I wrote briefly about Old Sam, Laurence Sams, the “can man” of Tate Street in Greensboro NC recently. I found my copy of the article written by Jim Schlosser of the Greensboro News & Record and together with the article and my many memories of Old Sam, decided to write more about him. Thousands of students at UNCG and many others encountered Old Sam at Tate Street Coffee or hanging out along Tate Street or just driving by. Sams could be seen from early in the morning to early evening collecting cans and walking continuously in the area. Sams did not need a weight loss program. Many a morning I would arrive at Tate Street Coffee Shop and be seated at the coveted front window seat. Old Sam would often arrive by 7:30 and look up at me and almost always comment about the weather. He was a man of few words, but sometimes he would pause for a few seconds and converse. What impressed me about Old Sam was not the talk but how he kept on keeping on in all kinds of weather, from extreme heat to cold. His perseverance was inspiring. There are a lot of UNCG (University of North Carolina at Greensboro) graduates out there and I am sure there are many memories of Old Sam with you. However, most of you do not know the rest of the story.

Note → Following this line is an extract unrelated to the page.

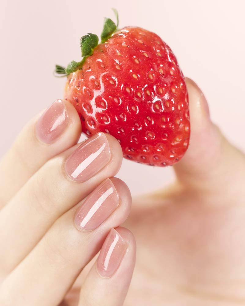 今回登場する新色は、朝摘みいちごをイメージした、粒ラメ入りの赤みピンク。ジューシーな血色感とぷるんとしたみずみずしさを感じさせる指先に仕上がります。また、とろみのあるクリアな液が、爪を厚めにコートすることでみずみずしいツヤと透明感を演出。さらに、みずみずしいいちごの甘酸っぱさが漂うような、スイート&フルーティな香りを楽しむことができます。

Old Sam, Laurence Sams, grew up on a farm near Danville Virginia. He served in the army and worked for a lumber company. He collected cans when he had a job and continued when the company shut down. He attended First Baptist Church on Friendly Avenue and many Sunday mornings I would see him walking there. Sams lived simply and owned no car. Debra Craig bought the old house with apartments in 1985 that Sams lived in. She sold the house in 2000 but with the stipulation that he have a lifetime right to live there. She would bring him takeout meals from time to time. David Taylor, another fine human being, gave Sams a coat and kept an eye on him.
Old Sam was found dead by another good person, Bob Beerman, who helped him. Sams had the flu and Bob came to remind him of a doctor’s appointment. Beerman found Sams sprawled on the floor. Sams was 79. He had looked weaker in recent months.
Many lives were touched by this simple man. I can still remember that unpretentious grin. Many people thought that he was poor because he lived simply, but he left an estate. However, his biggest legacy is the lives he touched and the example of perseverance that he gave us.